If this sounds like a marketer’s dream come true, it’s because it is. Good news is, it’s not a dream anymore. It’s reality and, as technology improves, it’s changing interactive advertising as we know it.

real-time-bidding

 

The process I described above is called “Real Time Bidding”, and what creates the opportunity to serve ads that are so relevant to end users is known as “Big Data”. According to AdAge, “Big Data”, when applied to digital marketing, can include online searches, website log files, consumer-uploaded images, retail transactions, loyalty card information, email communications, mobile location information, and social media commentary, just to name a few. These are all different “channels” that consumers use in their quest to find solutions to their problems, make purchases, and more in general to improve their life.

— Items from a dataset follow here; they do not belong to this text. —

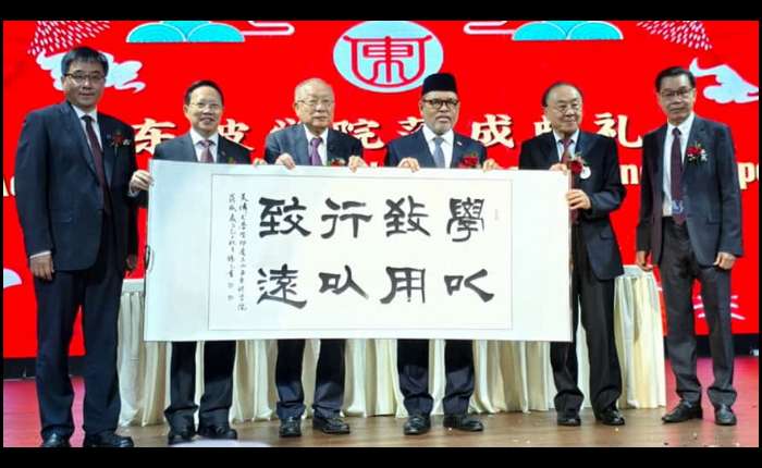 典礼仪式上,十位热心支持中文教育的捐资人共同剪彩。印尼驻中国大使周浩黎主持签碑仪式,崇棉教育基金会理事长苏用发与董事长陈鹤秋共同为东坡学院揭牌。
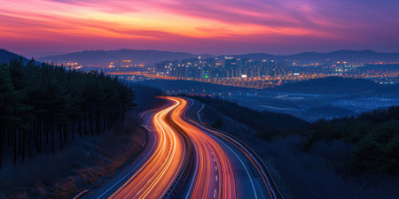Panoramic view of Daejeon city with sunset sky in Korea
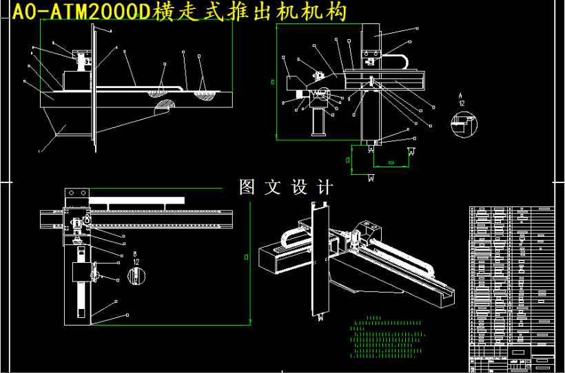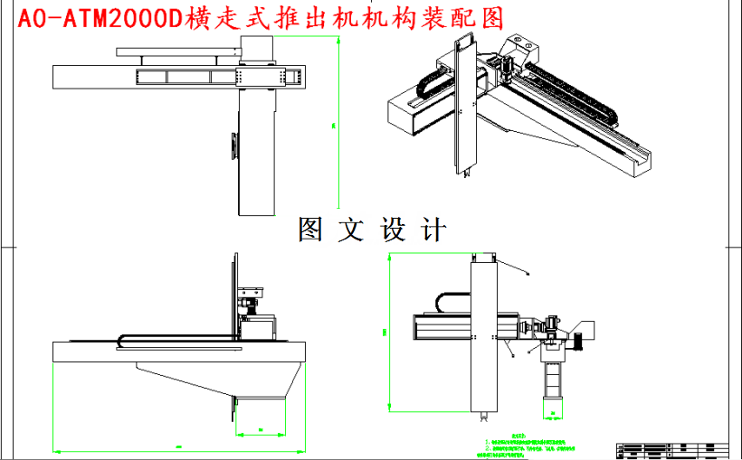 本设计主要进行了ATM2000D横走式取出机构的设计。ATM2000D横走式机械手是注塑机专用机械手的一种。注塑机专用机械手提高注塑成型机的生产效率、稳定产品质量、降低废品率、降低生产成本、增强企业的竞争力等方面起到及其重要的作用。它以交流伺服电机为动力源,用齿轮齿条和滚珠丝杆作为传动元件,通过齿轮和螺母的移动实现三个方向的直线移动,从而实现机械手的移动。机械手横走和上下方向的移动由齿轮齿条实现,引拔方向的移动由滚珠丝杆实现。
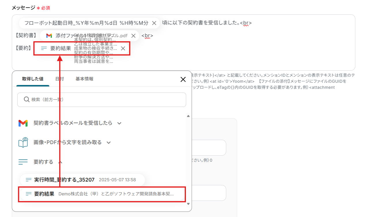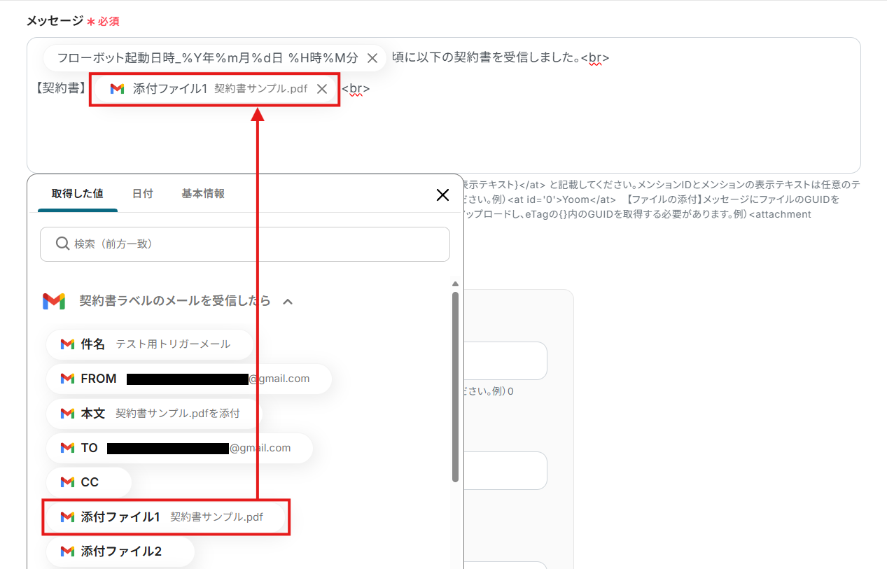 入力欄クリック時に表示される「取得した値」タブから、各アクションで取得した値が選択可能です。
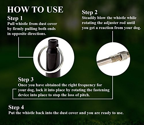 Features: Size:8 x 0.8cm Small and Lightweight Instructions: 1, Adjust the pitch and blow the whistle to train your dog. Your whistle has a nut and screw that can adjust the frequency when turned. Continue testing until your dog perks up. Then you will know that you have reached a frequency he can hear. 2, Use the dog whistle with varying sequences to train your dog.For example, one long burst can mean "come," while a series of short, staccato bursts might mean "sit." 3, Keep your whistle commands consistent and your dog will always know what you expect of him.
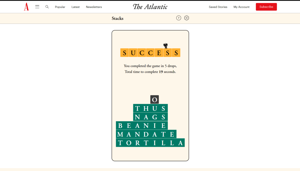The Atlantic Stacks Solution for October 16, 2025
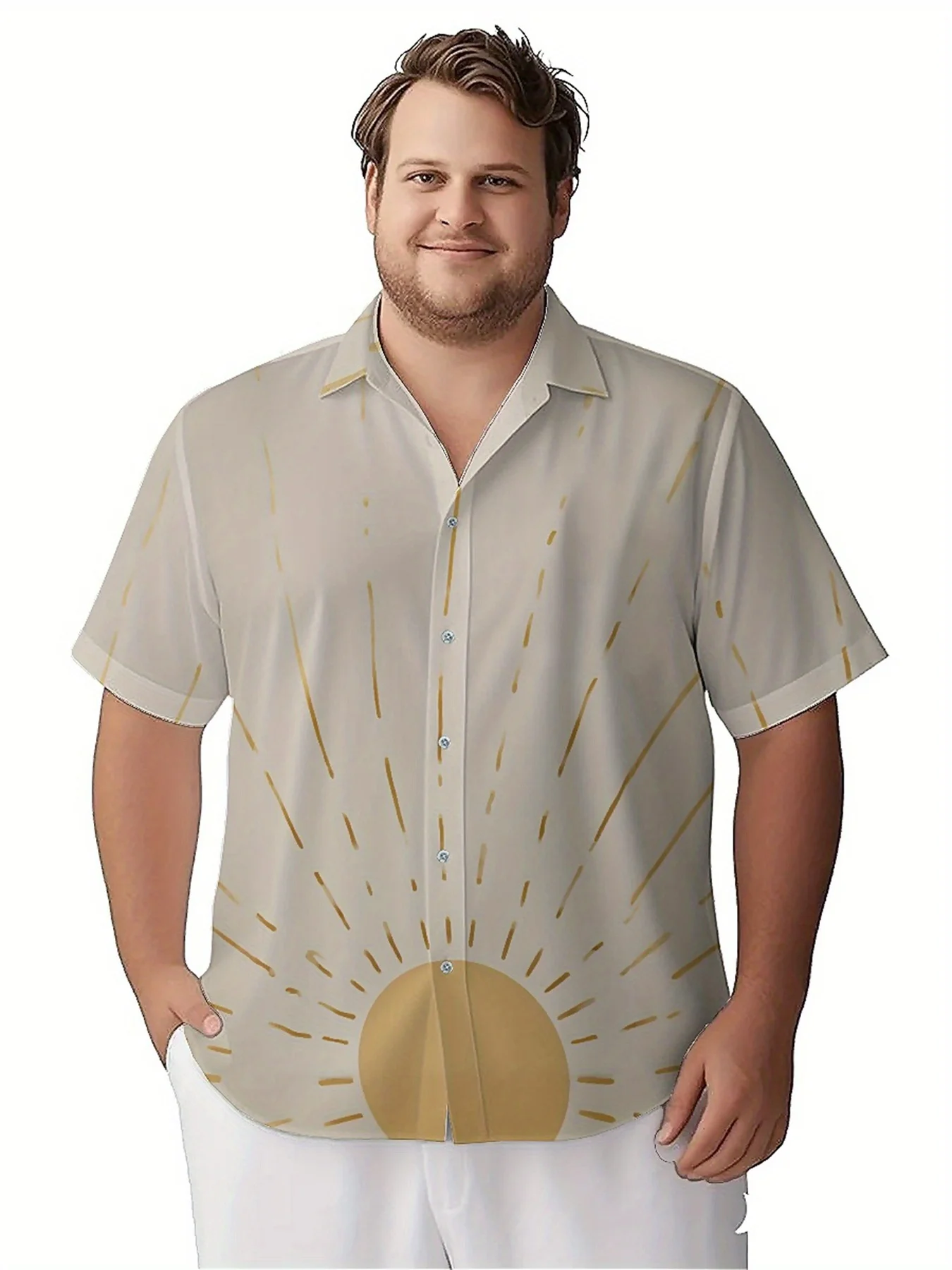 ↑Men's Plus Size Hawaiian Shirts Sunshine Pattern, Button Up Shirts, Unisex Casual Clothing, Summer Tops - TopDealBox

Needless to say, the most popular example of Real Time Bidding meshed with Big Data is the Google Display Network, which is becoming increasingly more powerful in its targeting capabilities.

So, how is all of this information going to affect you and your business, and change the landscape of digital advertising as we know it?

Think about it. – The nature of digital advertising has long been “one-to-one”, that is, who clicked on an ad and who converted. The user goes online, runs a search, clicks an ad, and makes a purchase.

Not so anymore. – Often consumers are more complex than ever and use multiple channels either before and after running a keyword search, and the ads served to them while they are on those other channels are indeed very relevant to their needs.

I hate to say this, but keyword search alone may not be enough anymore to achieve the largest visibility and the best possible ROI from your marketing efforts.

As a marketer, you must take action now to leverage the power of Big Data in order to offer your prospects and customers a more “customized-to-their-needs” experience which will ultimately increase your ROI and profits.

So, when planning your next online marketing effort, ask yourself this question: “How can I have display, remarketing, video, and social media advertising work in synergy with my keyword search campaign?” – Being able to answer that question effectively could make the difference between a successful and a not-so successful digital campaign.

September 13 2013

What Digital Marketers Can Learn From Steve Jobs

by Max Braglia

One thing’s for sure: Steve Jobs was a brilliant marketer and knew how to sell. Just think for a moment of what he did with the iPod: before Apple entered the market, MP3 players had been around for years, but nobody bought them, as they were considered clunky and “uncool”.

Then came Steve Jobs. Unlike all his competitors, who had tried to sell MP3 players by promoting their features, Jobs introduced the iPod by simply describing it as “1,000 songs in your pocket.” And that simple statement changed the business of MP3 players forever, and with it the entire music industry.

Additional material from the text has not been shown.